HOW TO COMPLETE THIS TASK: Please return the listing below word for word, minus its pictures.
- - -
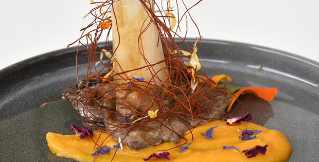 temperatura acompañada de puré de zanahoria y jengibre ahumado con almendras e higo.
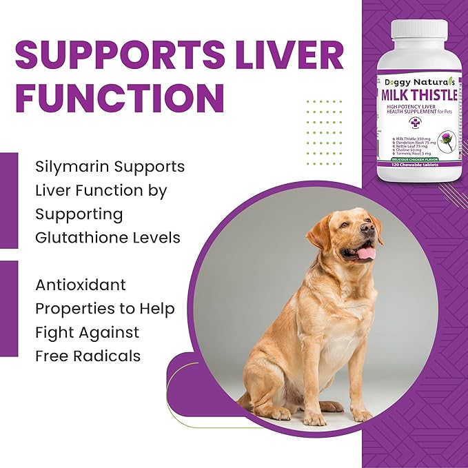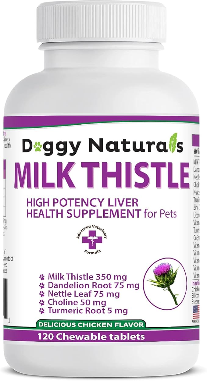 Milk Thistle for Dogs with High Potency Liver Health Supplement for Pets (120 tabs)
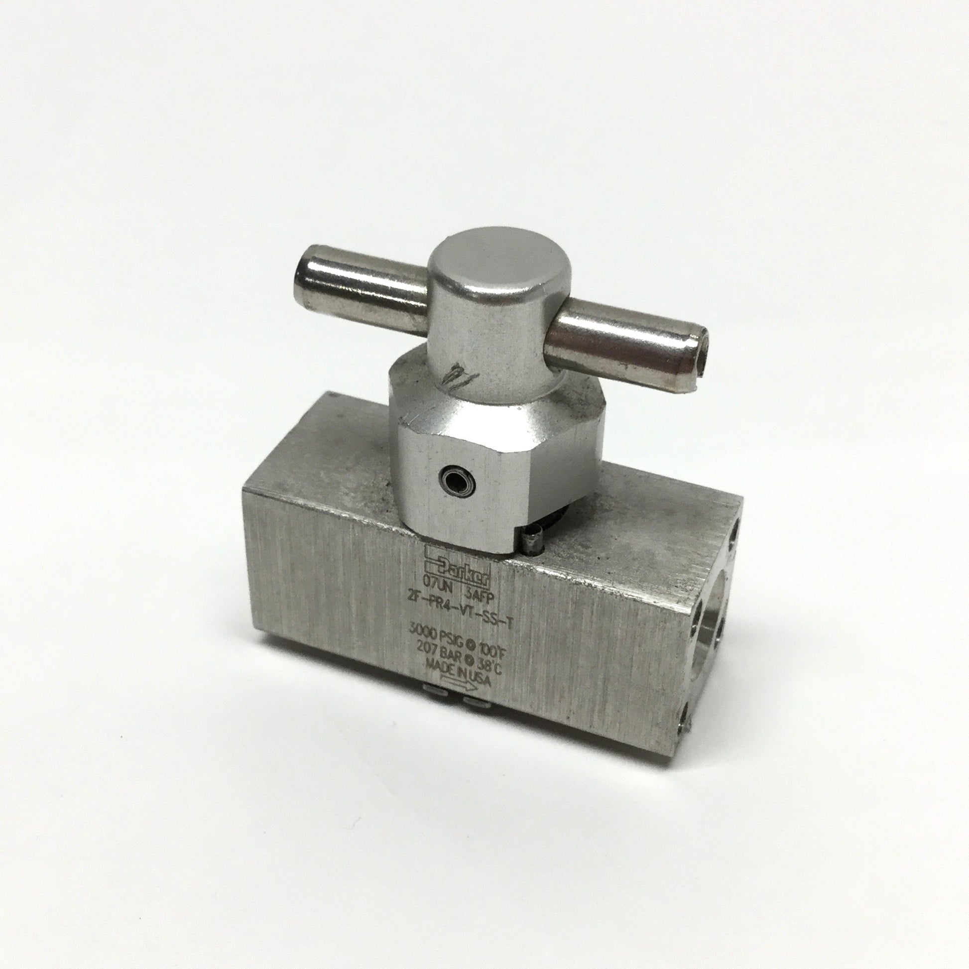 Used Parker 2F-PR4-VT-SS-T Stainless Rotary Plug Valve, 1/4 Turn, 1/8" NPT, 3000psi
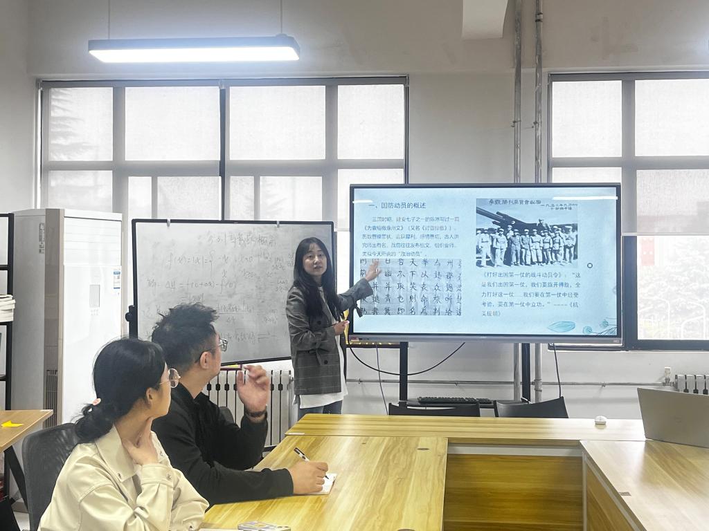 随后,豆阿敏老师围绕第一章第五节国防动员的内容进行了说课展示。豆老师从国防动员的教学目的和及要求出发,系统的讲解了国防动员的重难点。说课过程条理清晰,重点突出,深入剖析了教材知识体系,对教学内容进行了丰富和拓展。豆老师表示,国防动员教学应当紧密结合当前国际安全形势变化,通过案例分析、情景模拟等多种方式,帮助学生理解国防动员在现代战争中的战略地位和作用,培养学生的国家安全意识和综合国防素质。
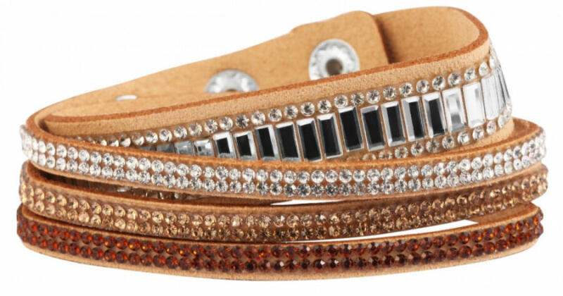 Többsoros kristályokkal kirakott divat karkötő, 2x42 cm - bézs.  Modell: CC0466.  Márka: Cham Cham. Mérete: 2x42 cm. Anyaga műbőr,  fém és kristály.
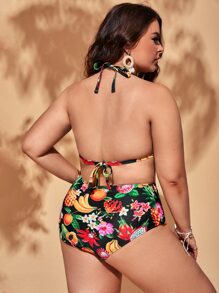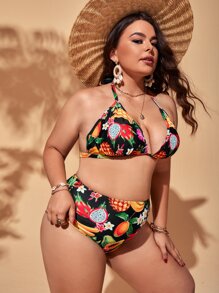 Plus Size Fruit Pattern Halter High Waisted Bikini Set Summer Beach
- - -
RESPONSE BELOW:
 temperatura acompañada de puré de zanahoria y jengibre ahumado con almendras e higo.
 Milk Thistle for Dogs with High Potency Liver Health Supplement for Pets (120 tabs)
 Used Parker 2F-PR4-VT-SS-T Stainless Rotary Plug Valve, 1/4 Turn, 1/8" NPT, 3000psi
 随后,豆阿敏老师围绕第一章第五节国防动员的内容进行了说课展示。豆老师从国防动员的教学目的和及要求出发,系统的讲解了国防动员的重难点。说课过程条理清晰,重点突出,深入剖析了教材知识体系,对教学内容进行了丰富和拓展。豆老师表示,国防动员教学应当紧密结合当前国际安全形势变化,通过案例分析、情景模拟等多种方式,帮助学生理解国防动员在现代战争中的战略地位和作用,培养学生的国家安全意识和综合国防素质。
 Többsoros kristályokkal kirakott divat karkötő, 2x42 cm - bézs.  Modell: CC0466.  Márka: Cham Cham. Mérete: 2x42 cm. Anyaga műbőr,  fém és kristály.
 Plus Size Fruit Pattern Halter High Waisted Bikini Set Summer Beach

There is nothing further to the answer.